Anderson Iris Data 1928 - Graphical Display

The first step of any investigation using data is exploratory data analysis. In this case you want to see the relationships between the petal lengths and widths and the sepal lengths and widths. As the data was collected over a number of years you can check if there is any time dependent effect. It is also collected over multiple sites and so you can look at location dependent effects as well.

library("ggplot2")
library("plyr")
library("dplyr")
df <- read.csv("Andersons_Irises_1928.csv")

mu1 <- ddply(df, "Species", summarise, grp.mean=mean(Petal.Length))

ggplot(df, aes(x=Petal.Length, color=Species)) +
  geom_histogram(fill="white", position="dodge", binwidth=0.4)+
  geom_vline(data=mu1, aes(xintercept=grp.mean, color=Species),
             linetype="dashed")+
  theme(legend.position="top")

mu2 <- ddply(df, "Species", summarise, grp.mean=mean(Petal.Width))

ggplot(df, aes(x=Petal.Width, color=Species)) +
  geom_histogram(fill="white", position="dodge", binwidth=0.4)+
  geom_vline(data=mu2, aes(xintercept=grp.mean, color=Species),
             linetype="dashed")+
  theme(legend.position="top")

mu3 <- ddply(df, "Species", summarise, grp.mean=mean(Sepal.Length))

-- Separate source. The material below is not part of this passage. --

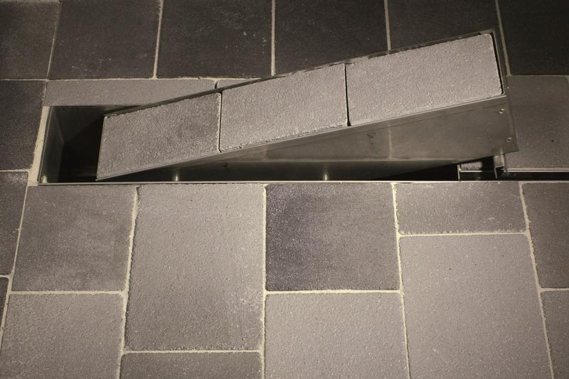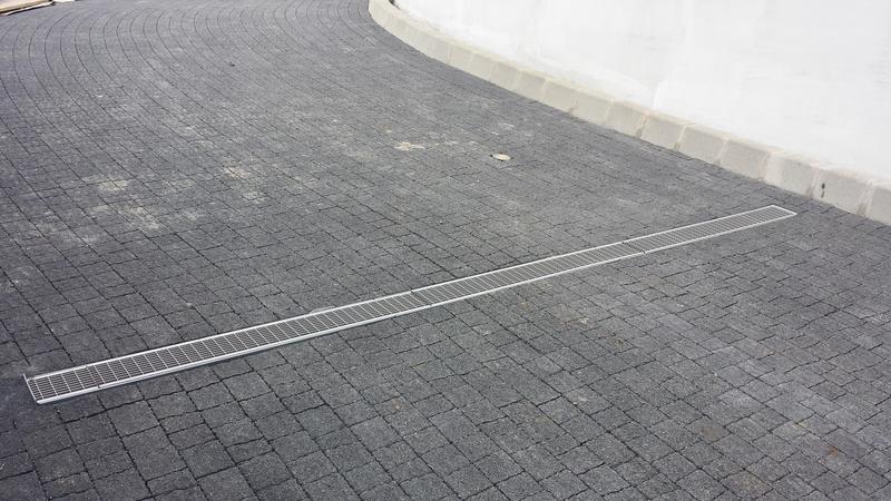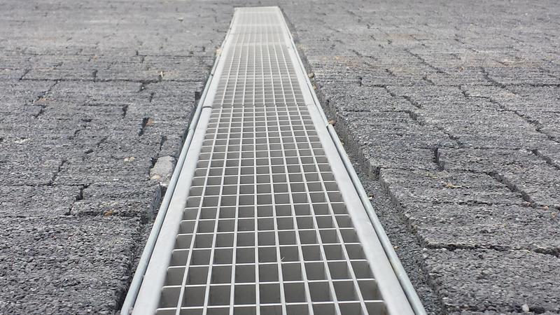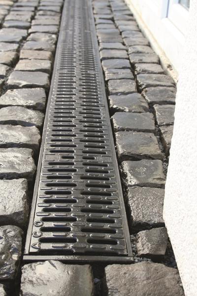 XtraDrain típusú vonalmenti vízelvezetô rendszer az EN 1433 szabványnak megfelelôen, V keresztmetszettel, 10,0 - 20,0 cm belsô szélességgel, A15-C250 terhelési osztályban, Drainlock típusú rácsrögzítéssel, műanyag élvédelemmel.

ggplot(df, aes(x=Sepal.Length, color=Species)) +
  geom_histogram(fill="white", position="dodge", binwidth=0.4)+
  geom_vline(data=mu3, aes(xintercept=grp.mean, color=Species),
             linetype="dashed")+
  theme(legend.position="top")

mu4 <- ddply(df, "Species", summarise, grp.mean=mean(Sepal.Width))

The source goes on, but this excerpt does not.